The early micro's usually had tokenisers and languages which could be easily 'compiled' but were quite simplistic and restrictive in nature. How long before Basics got away from just 26 variables, A-Z ? A lot of checking was also done at run-time rather than compile time, if a subroutine wasn't there it would stop when trying to find it. Those languages didn't have what people expect and demand these days. Spin isn't overly complicated but it's not simplistic either.
Mike's idea of splitting a compiler into parts or passes is a very good idea and probably the only sensible option. There are implementation issues and resource constraints so the design gets more complicated than a PC-based compiler where one can casually ask for as much Ram as one needs and usually get it. Symbol tables probably have to be compact rather than just ASCIIZ strings, and even each pass may need its own overlays. All easy enough to handle but it starts to add up to more effort. Chip obviously believes the Prop II will have enough resources to do it.
It should be possible to do.
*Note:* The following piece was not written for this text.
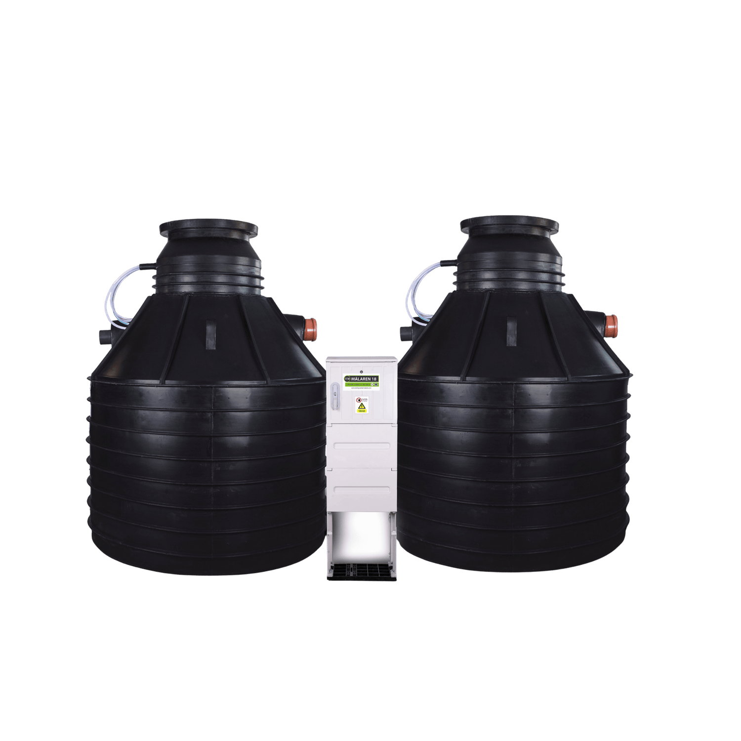 Mälaren 18 består utav 2 tankar och sköter hela avloppsreningen från samtliga hushåll med en biologisk rening för WC+BDT

I'm afraid I forget who it is working on turning Chip's ROM interpreter into LMM code but once that's done it should be fairly easy to change reads of Hub into calls which get the next byte/word/long from SD Card. Even executing LMM direct from boot Eeprom has its advantages, maximising Ram for data storage. Once the SD/Eeprom executing interpreter is loaded and running, almost the entire 32KB ( 256KB on Prop II ) is available for data use.
As Ale notes, add caching and it hopefully won't be that slow. Extra Cogs can be used for caching and pipe-lining. The LMM code being executed doesn't have to be 32-bit PASM it can something else. As Peter comments, 32-bit PASM while fast isn't compact. The downside of something more compact is an extra overhead in expansion and execution time. A Thumb-style LMM could deliver reasonable compactness with minimal expansion over-head.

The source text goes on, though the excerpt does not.